2.1 Sensation vs. Perception
Sensation and Perception
After Chapter 2.1, you will be able to:
· Explain the pathway for a stimulus to reach conscious perception
· Connect the common sensory receptors to their functions
· Describe absolute threshold, threshold of conscious perception, and difference threshold
· Explain Weber’s law and signal detection theory
· Describe how sensory adaptation affects a difference threshold
In common parlance, we often use the terms “sensation” and “perception” interchangeably, as synonyms. However, in the field of psychology, these two terms have very specific definitions and are commonly contrasted. Sensation more appropriately aligns with transduction, which means taking the physical, electromagnetic, auditory, and other information from our internal and external environment and converting this information into electrical signals in the nervous system. Sensation is performed by receptors in the peripheral nervous system, which forward the stimuli to the central nervous system in the form of action potentials and neurotransmitters. Sensation can therefore be thought of as a raw signal, which is unfiltered and unprocessed until it enters the central nervous system.
Perception, on the other hand, refers to processing this information within the central nervous system in order to make sense of the information’s significance. The complex manipulations involved in perception include both the external sensory experience and the internal activities of the brain and spinal cord. Perception thus helps us make sense of the world. The difference between sensation and perception is key to the challenge of creating artificial intelligence: we can easily create sensors for robots to pick up information from their environment, but teaching them how to comprehend and respond to that information is far more challenging.
Sensory processing is a common topic on the MCAT; you should not only understand the definitions of these terms, but also be able to apply the concepts herein to your own day-to-day sensory experiences.

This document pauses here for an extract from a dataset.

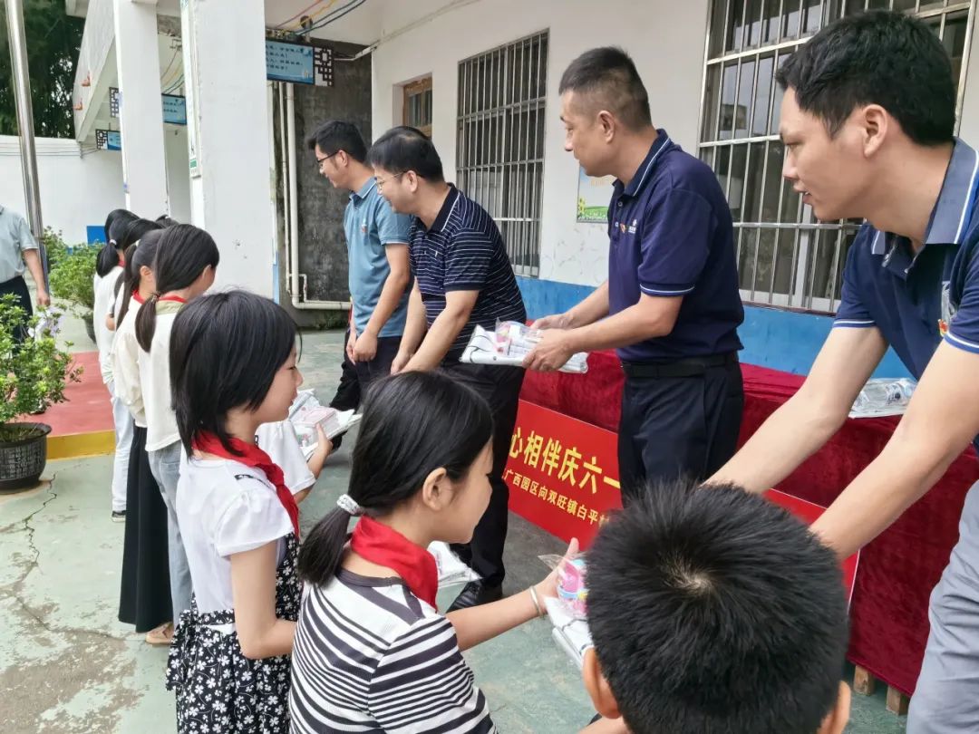 “不管在哪里投資,都要為當?shù)亟?jīng)濟社會做貢獻”的投資理念,改善鄉(xiāng)村兒童學習生活環(huán)境,履行企業(yè)的社會責任,助力形成全社會關心和參與愛心助學的氛圍,5月29日上午,華友廣西園區(qū)到周邊的松旺鎮(zhèn)潭蓮村,雙旺鎮(zhèn)白平村、邦杰村、曾村和中心小學等5所小學走訪慰問,廣西區(qū)域管理中心及各產(chǎn)業(yè)集團廣西基地干部代表為5所小學3700多名學生送上書包、水杯、馬克筆和筆記本等學習用品作為兒童節(jié)禮物。
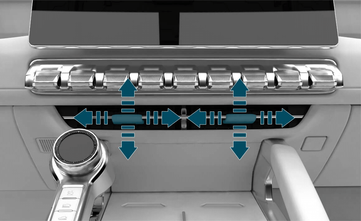 - 前排两侧吹面出风口和后排中央出风口调节方法与前排中央吹面出风口一致。

Sensory receptors are neurons that respond to stimuli by triggering electrical signals that carry information to the central nervous system. Physical objects outside of the body are referred to as distal stimuli. These objects often produce photons, sound waves, heat, pressure, or other stimuli that directly interact with sensory receptors; these sensory-stimulating byproducts are called proximal stimuli. For example, a campfire is a distal stimulus. The photons that are emitted by the fire, the sounds of crackling and popping, and the energetic gas particles that transfer heat energy are all proximal stimuli. So, proximal stimuli directly interact with and affect the sensory receptors, and thereby inform the observer about the presence of distal stimuli. Sensory receptors may encode multiple aspects of a stimulus. For example, photoreceptors respond to light and can encode not only the brightness of the light, but also its color and shape. The relationship between the physical nature of stimuli and the sensations and perceptions these stimuli evoke is studied in the field of psychophysics.
Distal = in the distance
Proximal = in close proximity
In order to inform the central nervous system, the signals from these stimuli must pass through specific sensory pathways. In each case, different types of receptors—generally nerve endings or specific sensory cells—receive the stimulus, transduce the stimulus into electrical signals, and transmit the data to the central nervous system through sensory ganglia. Ganglia are collections of neuron cell bodies found outside the central nervous system. Once transduction from these sensory ganglia occurs, the electrochemical energy is sent along neural pathways to various projection areas in the brain, which further analyze the sensory input.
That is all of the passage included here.